In unstable countries, political prisoners are sometimes confined and abused in mental institutions. The diagnosis of mental illness allows the state to hold persons against their will and insist upon therapy in their interest and in the broader interests of society. In addition, receiving a psychiatric diagnosis can in and of itself be regarded as oppressive. In a monolithic state, psychiatry can be used to bypass standard legal procedures for establishing guilt or innocence and allow political incarceration without the ordinary odium attaching to such political trials. The use of hospitals instead of jails prevents the victims from receiving legal aid before the courts, makes indefinite incarceration possible, and discredits the individuals and their ideas. In that manner, whenever open trials are undesirable, they are avoided.

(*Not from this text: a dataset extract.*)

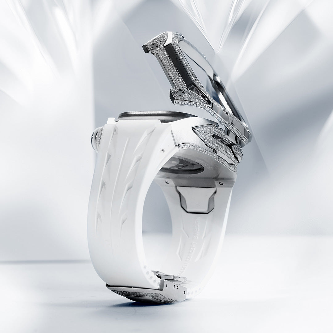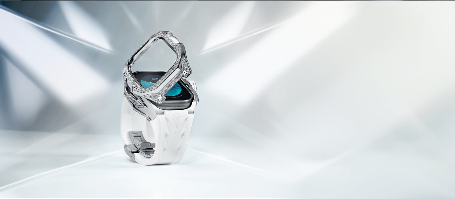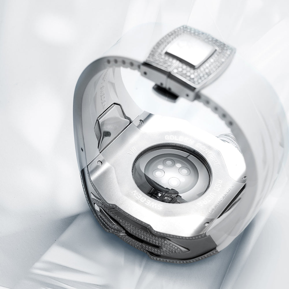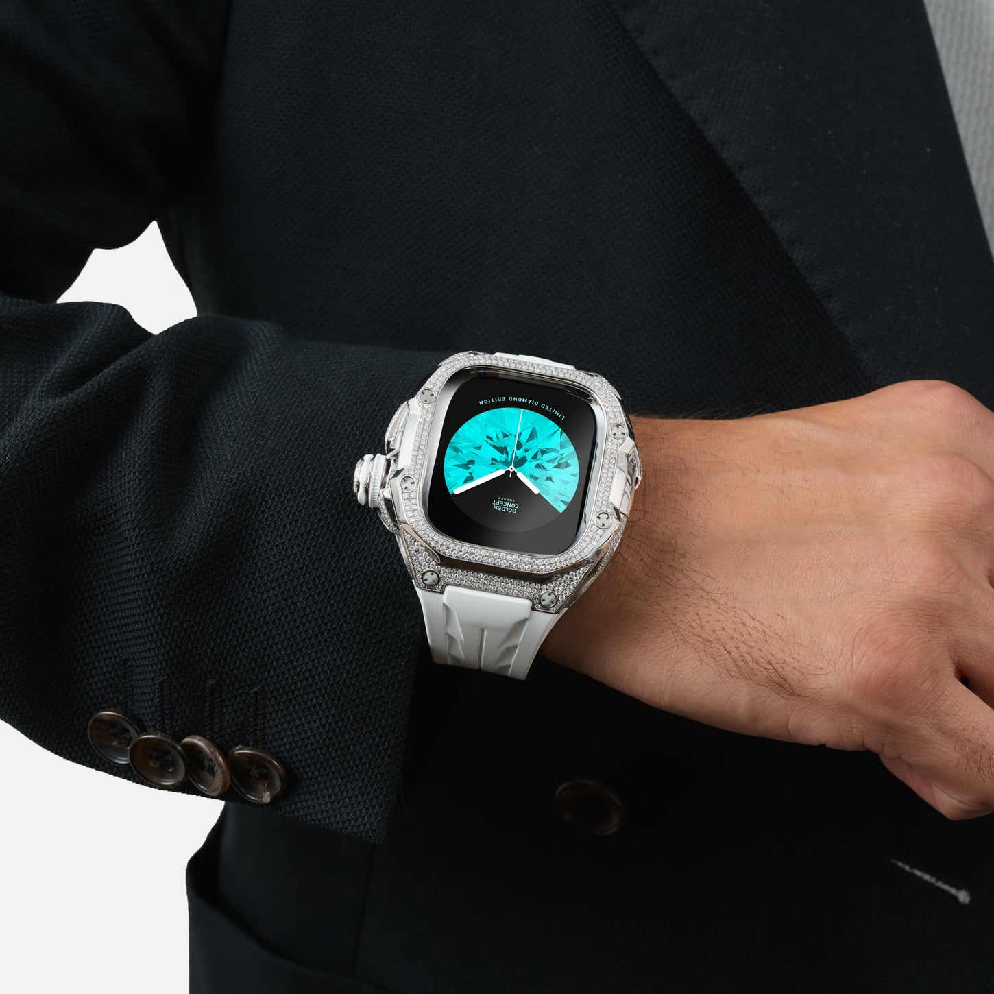 Elevate your style to the highest levels with our diamond-encrusted Apple Watch case. Adorned 1,068 handset diamonds, this luxurious accessory transforms your watch into a statement of opulence and sophistication, ensuring that every glance is met with unparalleled brilliance.

Examples of political abuse of the power, entrusted in physicians and particularly psychiatrists, are abundant in history and seen during the Nazi era and the Soviet rule when political dissenters were labeled as "mentally ill" and subjected to inhumane "treatments." In the period from the 1960s up to 1986, abuse of psychiatry for political purposes was reported to be systematic in the Soviet Union, and occasional in other Eastern European countries such as Romania, Hungary, Czechoslovakia, and Yugoslavia. The practice of incarceration of political dissidents in mental hospitals in Eastern Europe and the former USSR damaged the credibility of psychiatric practice in these states and entailed strong condemnation from the international community. Political abuse of psychiatry also takes place in the People's Republic of China and in Russia. Psychiatric diagnoses such as the diagnosis of 'sluggish schizophrenia' in political dissidents in the USSR were used for political purposes.

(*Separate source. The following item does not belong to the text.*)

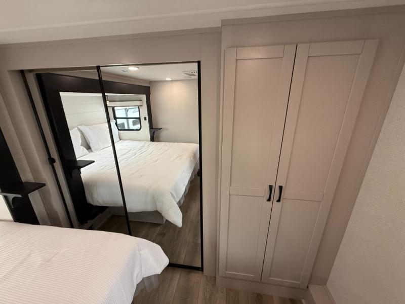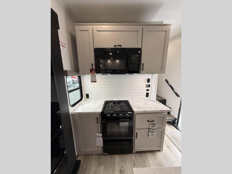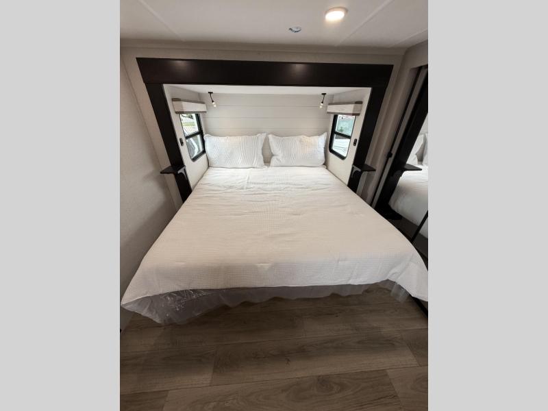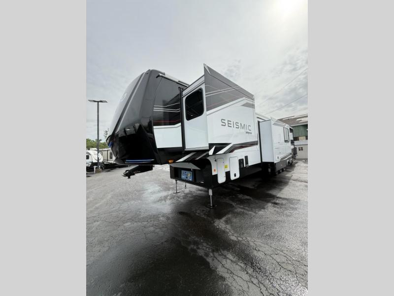One look at the Seismic toy haulers by Jayco, and you'll never go back! Each model features a custom automotive-grade vinyl exterior graphics package, a painted fiberglass front cap with built-in LED lighting, and 102" wide-body structural steel I-beam construction. You'll find the pass-through storage with Slam-Latch baggage doors will make unpacking easier than ever, and the rear ramp door/patio with anti-slip, non-skid flooring will allow you to unload your toys with no trouble at all. These toy haulers feature a three seasons garage wall/doors, a 30 gallon fuel tank with a timer, and exterior marine-grade speakers to keep the party going. The Climate Shield zero degree tested weather protection includes a 35,000 BTU furnace, PEX plumbing, and a fully enclosed and heated underbelly so you can enjoy your adventures year around. And we haven't even touched on the interior luxuries you'll find, like solid hardwood cabinet doors, residential vinyl flooring made in the USA, night shades, and more!

== History of racism in psychiatry in the United States ==
The history of racism in psychiatry dates back to the days of slavery and segregation in the United States. Such racism in psychiatry exemplifies the concept of scientific racism, which falsely alleges that science and other empirical evidence supports racism and proves certain racial inferiorities.

=== Diagnosis ===
Psychiatric diagnoses were influenced by Black people's status as free or enslaved. Enslaved people were not considered civilized enough to be diagnosed with insanity, while free Black people were over-diagnosed with insanity, having much higher diagnosis rates than white people. Specific diagnoses in the 19th century were crafted specifically to fit Black people – drapetomania and dysesthesia aethiopica, disorders meant to explain why slaves ran away and why they were lazy or lacked a strong work ethic, respectively, and justify the institution of slavery. Prominent political figures such as John C. Calhoun used this supposed evidence to argue for slavery, arguing that free Black people could not be entrusted with their lives and would ultimately develop lunacy. All in all, throughout the 19th century, psychiatric diagnoses and scientifically racist theories were used to medicalize Blackness and uphold systems of slavery and racism, further constraining the rights, freedom, and humanity of Black people.

=== Scientific racism ===

Proponents of scientific racism have historically attempted to "prove" that Black people are physiologically and cognitively inferior to white people based on faulty assumptions and prejudices. Perpetuated by the inaccurate application of biodeterminism, specialists in neuroanatomy and psychiatry compared disproportionate numbers of brains from Black and white individuals to support their racial agendas based on "science."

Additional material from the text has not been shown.